The New Jack Ramblers can be a loose collective of musicians and at Tom Clark’s Sunday night series at the Treehouse at 2A, Kershaw’s band consisted of guitarist Seth Kessel, bassist Skip Ward, and drummer Dave Dawson. Kershaw sang his story-songs through sweet melodies in an unpolished baritone while his band provided honky tonk swagger and old-time rock ‘n’ roll with a taste of western swing, jump blues, and Americana. The band’s secret weapon was in Kessel’s slinky, slippery guitar leads that spiked Kershaw’s songs with flash and vigor. Brooklyn is a long way from all the traditional country music hubs, but Sean Kershaw & the New Jack Ramblers lead a movement that insures that this city is at least on the country music map.

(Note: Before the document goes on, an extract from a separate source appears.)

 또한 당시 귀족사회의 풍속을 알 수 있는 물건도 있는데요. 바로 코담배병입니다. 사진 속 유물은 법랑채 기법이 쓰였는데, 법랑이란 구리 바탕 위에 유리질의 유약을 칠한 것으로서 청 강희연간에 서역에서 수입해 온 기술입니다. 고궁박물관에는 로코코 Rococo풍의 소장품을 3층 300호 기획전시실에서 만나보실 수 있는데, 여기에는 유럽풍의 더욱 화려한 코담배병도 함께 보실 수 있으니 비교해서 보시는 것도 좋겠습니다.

Puma Perl & Friends/Lady Stardust/December 3, 2019
A poet leading an improvisational rock band is not a new concept, but it is rarely found. Born in Brooklyn, Puma Perl moved to the Lower East Side and was inspired by the work of the Nuyorican Poets Café and later by the Bowery Poetry Club. She also attended many performances by local bands, and before long, her rock ‘n’ roll buddies asked her to read her poems between sets. This ultimately led to a loose collective improvising music behind her as she read. Puma Perl & Friends became a constant on the Lower East Side club circuit. Since 2012, Perl has been the curator of Puma Perl’s Pandemonium, a monthly event at the Map Room at the Bowery Electric, where poets, spoken word, and performance artists share the stage with local rock bands. Perl also is a regular participant in the Great Weather for Media open mic series at the Parkside Lounge and is a prize-winning journalist for the Village Express newspaper. Perl authored two chapbooks and three full-length poetry collections; her fifth book, Birthdays Before and After, was released in December.

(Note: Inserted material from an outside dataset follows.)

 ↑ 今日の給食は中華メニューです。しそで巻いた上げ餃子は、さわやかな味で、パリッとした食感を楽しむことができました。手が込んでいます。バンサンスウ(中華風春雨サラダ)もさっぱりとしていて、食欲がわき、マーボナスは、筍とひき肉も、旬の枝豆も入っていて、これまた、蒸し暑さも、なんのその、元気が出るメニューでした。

Puma Perl & Friends celebrated the publication of Perl’s new collection of poems with a performance at Rick Eckerle’s Tues Nite Live Undead series at Lady Stardust. Backed by guitarist Joff Wilson, violinist Walter Steding, saxophonist Danny Ray, bassist Joe Sztabnik, and drummer Dave Donen, Perl and the musicians flew like trapeze artists without a net. Perl’s poems read like prose, sometimes sardonic, sometimes melancholic, often peppered with panoramic reflections of neighborhood scenes and its residents’ choices. Unlike the slam poetry that inspired her initially, Perl’s emotions often were restrained, letting her words paint the passions. Meanwhile, the band locked into cutting grooves that gave Perl’s words a living pulse. Spontaneous events are risky by definition, but the performance by Puma Perl & Friends was sparkling and riveting.